L'un des avocats qui cherchent à représenter toutes les victimes de la tragédie de Lac-Mégantic a lourdement accablé les sociétés pétrolières et les entreprises ferroviaires impliquées dans l'accident, hier matin, aux premières heures d'une demande d'autorisation de recours collectif.

Devant une salle du palais de justice de Sherbrooke accueillant plusieurs dizaines d'avocats, Joël Rochon a fait valoir que l'accident était «complètement évitable».

Le juge Martin Bureau devra décider s'il autorise le recours collectif, sans toutefois se prononcer sur le fond de l'affaire. En bref, le magistrat devra décider s'il autorise - ou pas - un groupe de quatre citoyens et leurs avocats à représenter toutes les personnes affectées par l'accident.

Ce processus pourrait prendre deux semaines.

Me Rochon a annoncé que si le recours collectif était autorisé, il ferait la preuve que les 53 entités mises en cause ont manqué à leurs responsabilités quant à la substance dangereuse transportée, à son identification et à son mode de transport.
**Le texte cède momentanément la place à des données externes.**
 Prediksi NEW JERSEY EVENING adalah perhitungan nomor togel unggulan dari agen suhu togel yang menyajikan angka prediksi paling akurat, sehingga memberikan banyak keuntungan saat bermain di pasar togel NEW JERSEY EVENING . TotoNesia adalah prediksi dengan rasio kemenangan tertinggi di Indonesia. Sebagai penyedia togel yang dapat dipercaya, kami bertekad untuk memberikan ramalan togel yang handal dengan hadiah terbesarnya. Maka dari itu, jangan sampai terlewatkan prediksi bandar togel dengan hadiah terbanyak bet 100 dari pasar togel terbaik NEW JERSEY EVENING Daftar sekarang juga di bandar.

«Toute l'industrie savait que le pétrole de schiste [...] est très volatil et très porté à exploser en cas d'accident», a plaidé Me Rochon. Toute l'industrie «savait que le wagon DOT-111 [le modèle impliqué dans la tragédie] n'était pas la bonne pièce d'équipement pour transporter cette substance», a-t-il ajouté.

Pour sa part, «Transports Canada a complètement échoué dans sa tâche de faire appliquer sa réglementation», a aussi dit Me Rochon.
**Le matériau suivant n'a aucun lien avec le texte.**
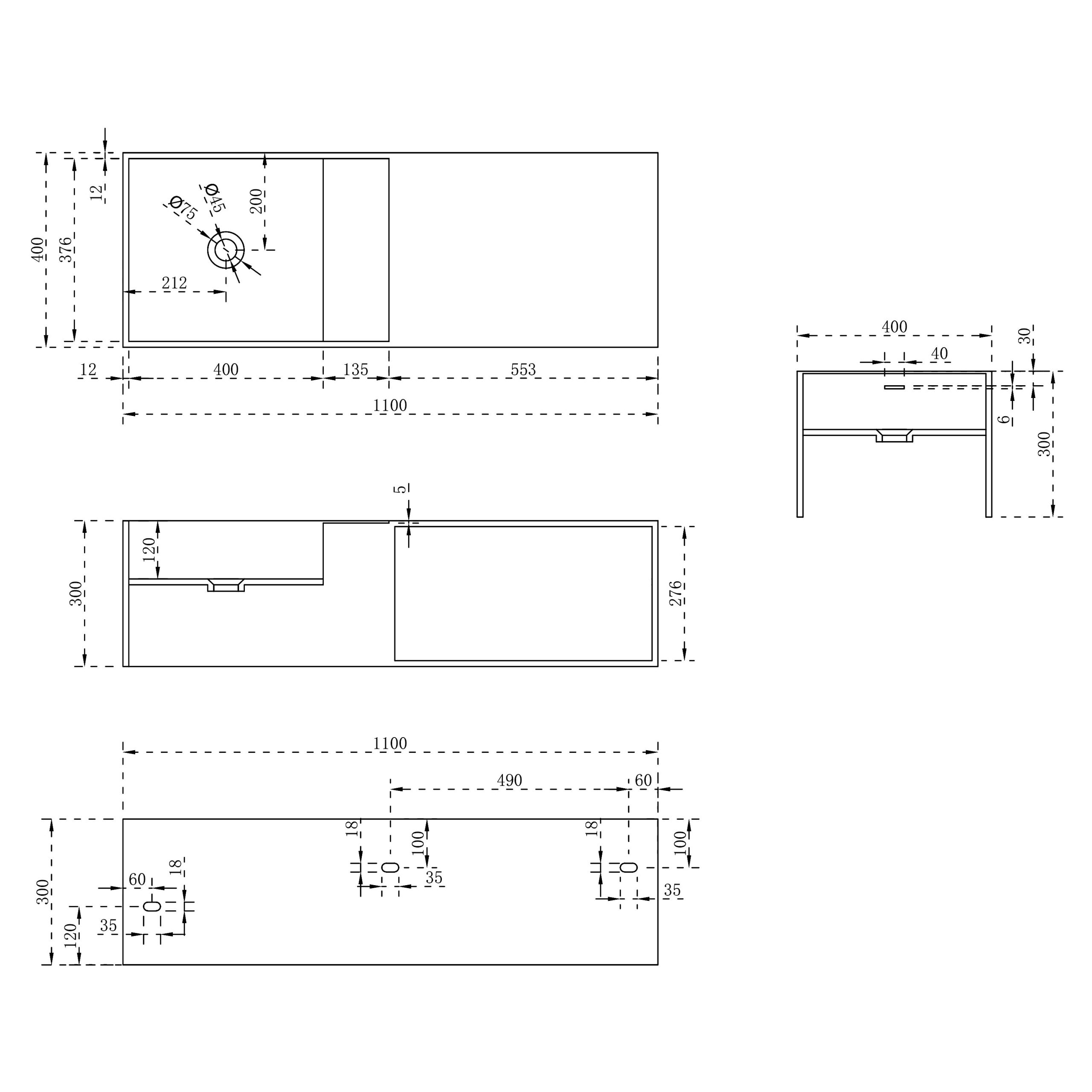 | Geeignet für Aufsatz- und Unterputzarmatur (Armaturloch nicht vorgebohrt) |

Dans la salle d'audience, les bancs normalement réservés au public étaient occupés par de nombreux avocats représentant les 52 entreprises et individus visés par la procédure ainsi que le gouvernement. Les entreprises responsables de la chaîne de production, du transport et de la transformation du pétrole sont notamment citées.

Me Rochon a demandé au juge de ne pas sous-estimer l'importance des entreprises présentes dans la salle par l'entremise de leurs avocats. Il a affirmé que le magistrat ne devrait pas prêter foi à des arguments basés sur l'ignorance, parce qu'il s'agit d'entreprises «extrêmement sophistiquées» qui sont des «joueurs majeurs» dans l'industrie.

Aucun résidant présent

Un avocat de Lac-Mégantic, Daniel Larochelle, a joint ses efforts à ceux des bureaux de Montréal et de Toronto spécialisés en recours collectifs pour tenter de faire indemniser les victimes de la tragédie. Si le recours collectif est autorisé, elles seraient représentées par un homme dont la femme a péri dans la tragédie et par trois personnes qui ont perdu des immeubles.

Mis à part Me Larochelle, aucun résidant de la communauté touchée n'était présent, hier à Sherbrooke.

«On veut avoir un lien en téléconférence pour permettre aux gens de Lac-Mégantic d'assister aux débats en direct, a dit Me Larochelle. On a des problèmes parce qu'on a un nouveau palais de justice, avec une infrastructure qui n'est peut-être pas en place. [...] Mais ça se fera.»

Hier matin, le tribunal s'est attardé à un débat procédural sur l'admissibilité en preuve de certains documents. Par la suite, Me Rochon a présenté les grandes lignes de sa plaidoirie. L'audience se déroule en grande majorité en anglais.

Les avocats d'Ottawa et du Canadien Pacifique (CP) n'ont pas voulu commenter le dossier ou dire s'ils allaient s'opposer à la demande d'autorisation du recours collectif.